→ The task: Retype the listing exactly, minus its pictures.

[Raw data]

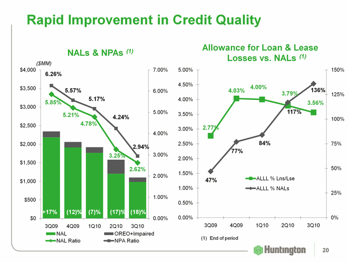| (CHART) Rapid Improvement in Credit Quality 20 ($MM) (28)% +20% (45)% (17)% +17% (12)% (7)% (52)% NALs & NPAs (1) (18)% 62% (CHART) Allowance for Loan & Lease Losses vs. NALs (1) (1) End of period |
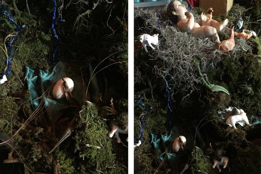 Frustrated in her attempts to worship, the chicken found her way into the priest’s home and onto an elaborate nativity scene. After the Liturgy, when we entered the home for lunch, we found the chicken standing victoriously over her gift to the Christ Child. It was the best thing she had to offer — a perfectly formed white egg.
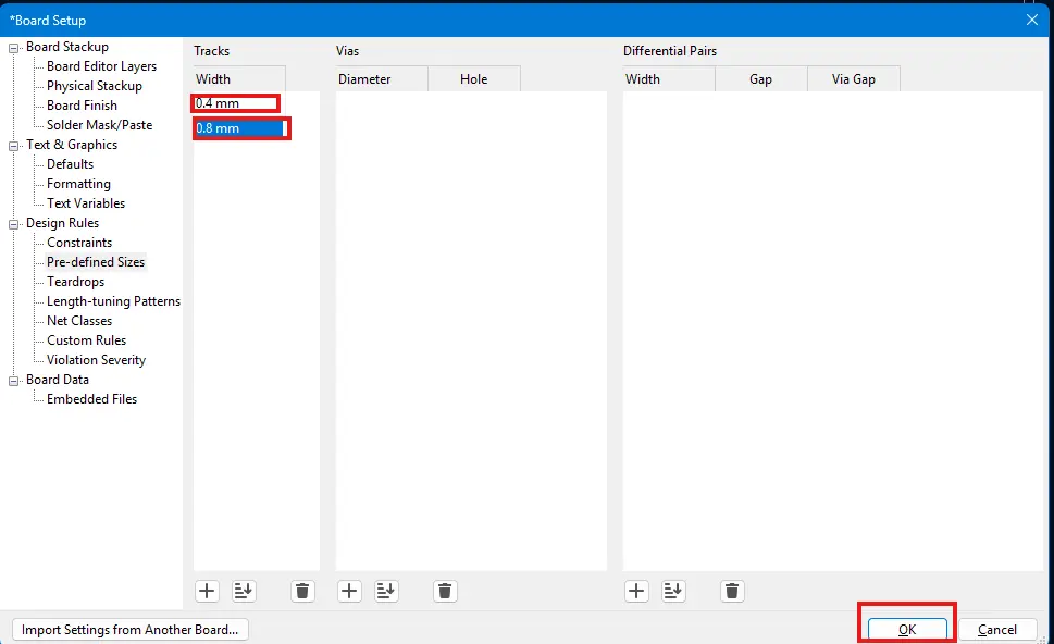 - 0.6 mm = For edge cutting traces and Signal Traces

[/Raw data]

→ Exercise answer:
| (CHART) Rapid Improvement in Credit Quality 20 ($MM) (28)% +20% (45)% (17)% +17% (12)% (7)% (52)% NALs & NPAs (1) (18)% 62% (CHART) Allowance for Loan & Lease Losses vs. NALs (1) (1) End of period |
 Frustrated in her attempts to worship, the chicken found her way into the priest’s home and onto an elaborate nativity scene. After the Liturgy, when we entered the home for lunch, we found the chicken standing victoriously over her gift to the Christ Child. It was the best thing she had to offer — a perfectly formed white egg.
 - 0.6 mm = For edge cutting traces and Signal Traces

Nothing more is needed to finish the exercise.